Maria Obdulia Silva-Gama, Santa Ana, CA, pro se.

Kurt B. Larson, Esquire, OIL, U.S. Department of Justice, Washington, DC, CAC-District Counsel, Esquire, Office of the District Counsel Department of Homeland Security, Los Angeles, CA, Ronald E. Lefevre, Office of the District Counsel De*609partment of Homeland Security, San Francisco, CA, for Respondent.

Before: HAWKINS, RAWLINSON, and M. SMITH, Circuit Judges.

MEMORANDUM **

Lazaro Santa Cruz Arroyo and Maria Obdulia Silva-Gama, natives and citizens of Mexico, petition pro se for review of the Board of Immigration Appeals’ (“BIA”) order dismissing their appeal from an immigration judge’s (“IJ”) decision denying their applications for cancellation of removal. Our jurisdiction is governed by 8 U.S.C. § 1252. We review de novo claims of constitutional violations in immigration proceedings. Ram v. INS, 243 F.3d 510, 516 (9th Cir.2001). We dismiss in part and deny in part the petition for review.

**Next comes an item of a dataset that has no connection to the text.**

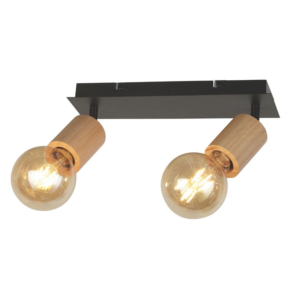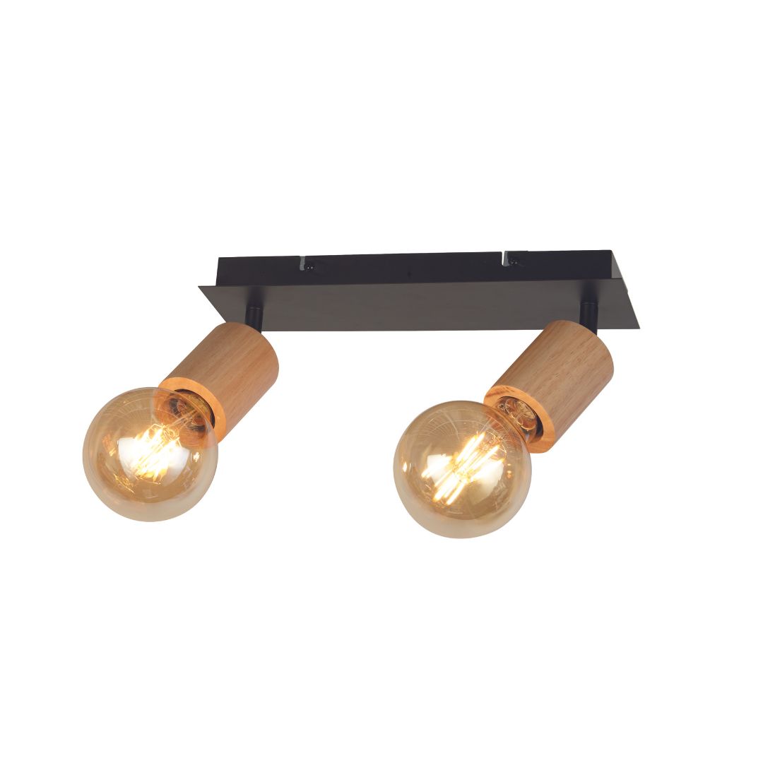 Stropní svítidlo kov černé matné barvy a dřevěné doplňky. Výška svítidla 15cm a šířka 43cm. Patice pro zdroj E27 na max. 2x60W. Žárovka není součást balení.

We lack jurisdiction to review the agency’s discretionary determination that petitioners failed to show exceptional and extremely unusual hardship to a qualifying relative. See Martinez-Rosas v. Gonzales, 424 F.3d 926, 930 (9th Cir.2005).

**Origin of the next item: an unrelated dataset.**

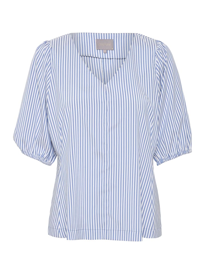 Блузка в полоску с текстурированной отделкой, V-образным вырезом, слегка присборенными рукавами и присборенными манжетами. Прямой, свободный крой для повседневного образа.

Petitioners’ contentions that the agency deprived them of due process by misapplying the law to the facts of their case and by disregarding their evidence of hardship are not supported by the record and therefore do not state a colorable due process claim. See id. (“traditional abuse of discretion challenges recast as alleged due process violations do not constitute colorable constitutional claims that would invoke our jurisdiction”).

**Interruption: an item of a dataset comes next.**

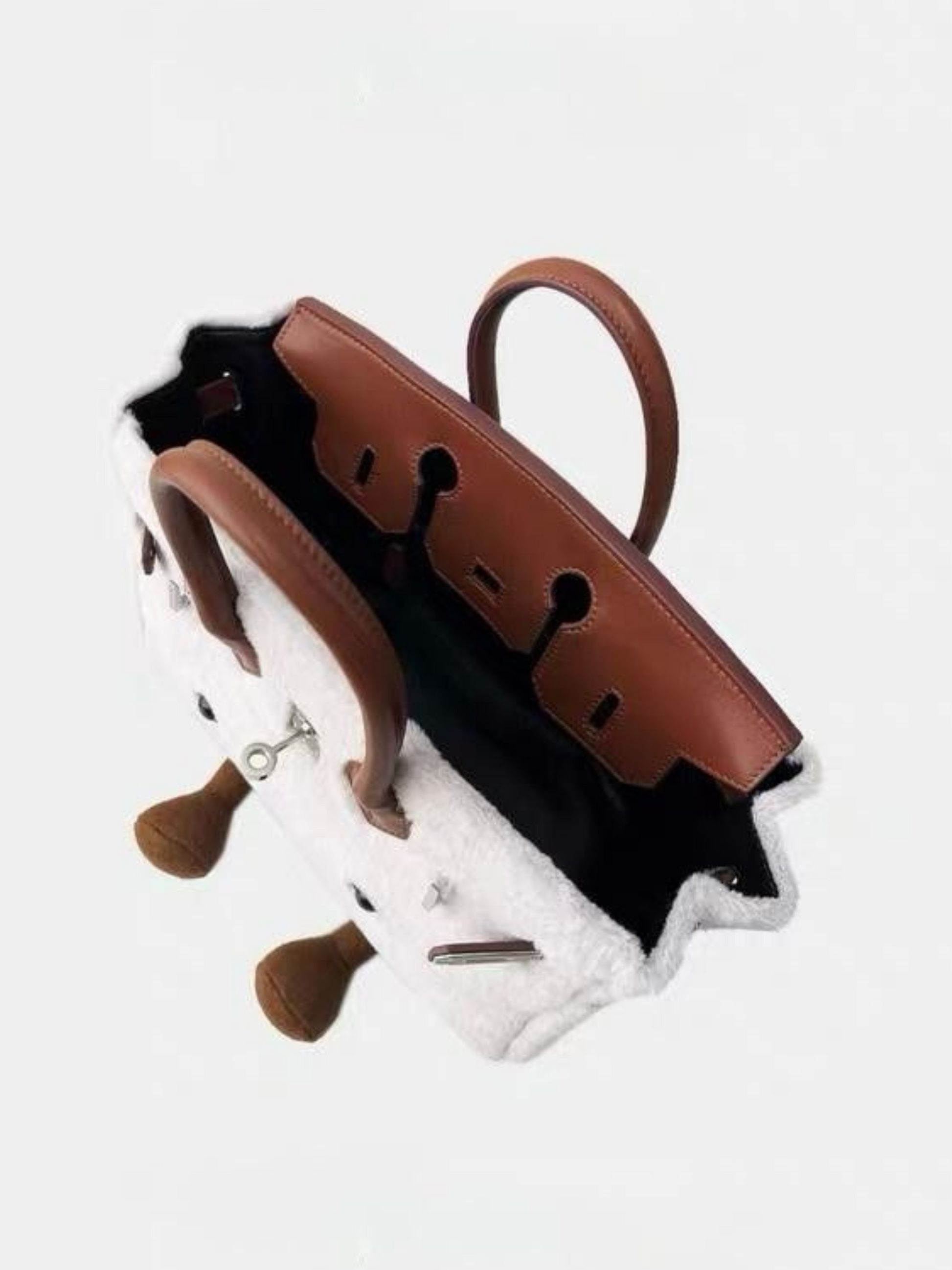 The Madame Pompom Bag — where plush sophistication meets timeless style. This whimsical yet refined handbag is the perfect fusion of fashion and fluff, designed for those who appreciate a little couture with their cuddle.

The agency’s determination that petitioners failed to establish hardship is dis-positive of their cancellation of removal claims, so it was unnecessary for the BIA to address petitioners’ arguments regarding continuous physical presence. Petitioners therefore failed to show a due process violation by the BIA. See Lata v. INS, 204 F.3d 1241, 1246 (9th Cir.2000) (requiring error and prejudice to prevail on a due process violation to prevail on a due process claim).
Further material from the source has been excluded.